Lasciare i capelli bagnati troppo a lungo, in condizioni climatiche calde e umide, altera questo equilibrio.
Come?
- I capelli assorbono troppa acqua ma in modo disorganizzato e la fibra si gonfia
- L’acqua fatica a evaporare uniformemente, lasciando i capelli gonfi e disidratati dentro
- I prodotti che usi sembrano non funzionare più: le maschere non penetrano, gli oli non si assorbono, e la chioma appare opaca e ribelle
Questo è il motivo per cui dopo l’estate ti sembra che i capelli siano un “disastro” anche se hai provato a curarli alla grande.
Come evitarlo?
- Regola la routine con trattamenti leggeri e idratanti, ma senza esagerare con la quantità di prodotto
- Usa spray idratanti o leave-in che aiutano a bilanciare la porosità
- Fai trattamenti professionali o a casa per chiudere la cuticola (es. trattamenti a base di cheratina)

4. Cute stressata = capelli che cadono e crescita rallentata
Un altro aspetto meno evidente ma molto importante è che il cuoio capelluto umido per troppo tempo può infiammarsi, anche se in modo sottile. Questa infiammazione cronica può danneggiare i follicoli, quelli da cui nascono i capelli.
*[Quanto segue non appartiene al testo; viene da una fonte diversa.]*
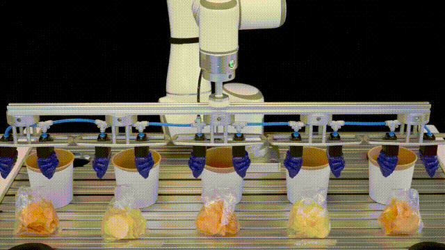一排五爪,陣列式抓取,一次可以抓取五個目標(biāo)產(chǎn)品,相比人工操作,SRT柔性夾爪效率更高。此外,只需要進行簡單的編程,SRT柔性夾爪除了抓取、內(nèi)撐以外,還可以完成提、點、按、推等其他精細動作。
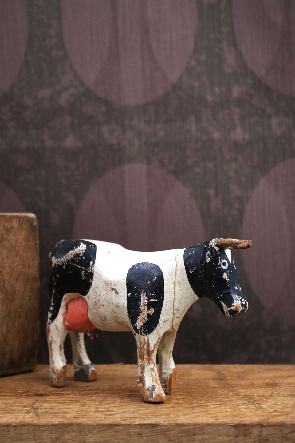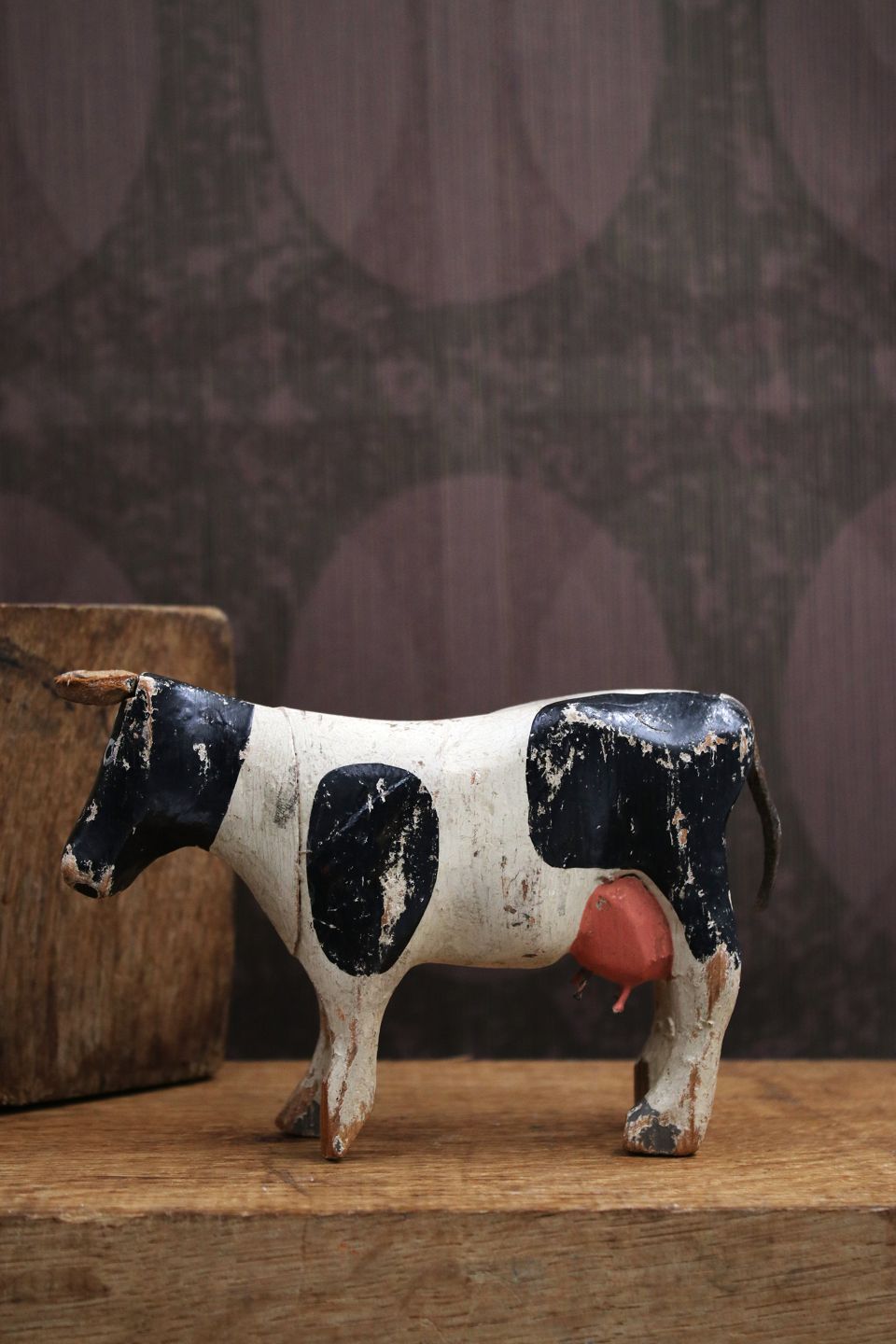 Decorative, old dairy cow in carved wood with fine original painting, horns and tail in leather...

Il risultato? Una caduta più intensa, capelli più sottili e una crescita rallentata, problemi che spesso si notano proprio in autunno, dopo tutta l’esposizione estiva.
Come evitarlo?
- Idrata la cute con prodotti specifici per mantenerla sana e pulita
- Massaggia delicatamente il cuoio capelluto per stimolare la circolazione
- Evita di lasciare i capelli bagnati troppo a lungo, soprattutto se senti prurito o fastidio
- Consulta uno specialista se la caduta si fa eccessiva o prolungata
Phon sì o phon no?
Non serve odiare il phon, basta solo imparare a usarlo nel modo giusto. Meglio scegliere sempre temperature medie o aria fredda, evitando il caldo troppo forte che può danneggiare i capelli.
- Prima di asciugare, applica un buon termoprotettore per creare una barriera contro il calore
- Tieni il phon a una distanza di almeno 20-30 centimetri dalla testa, così eviti di stressare troppo la fibra
- Concentrati prima sulla radice, che è la parte più importante, e poi tampona delicatamente le punte senza strofinare
Puoi lasciare un po’ di umidità residua sulle punte se vuoi, ma evita di lasciare i capelli completamente gocciolanti.

Prendersi cura dei capelli non è solo estetica ma salute
I capelli sono un ecosistema complesso, che va rispettato e protetto con cura, anche nei gesti più semplici come asciugarli.
Lasciarli bagnati all’aria non è sempre una scelta innocua, specie in estate. Più che essere “green” o “naturale”, bisogna essere intelligenti: capire il proprio capello, le sue esigenze e proteggerlo con attenzione.
E tu, dopo aver letto tutto questo… cambierai qualcosa nella tua routine o continuerai a dare la colpa al caldo?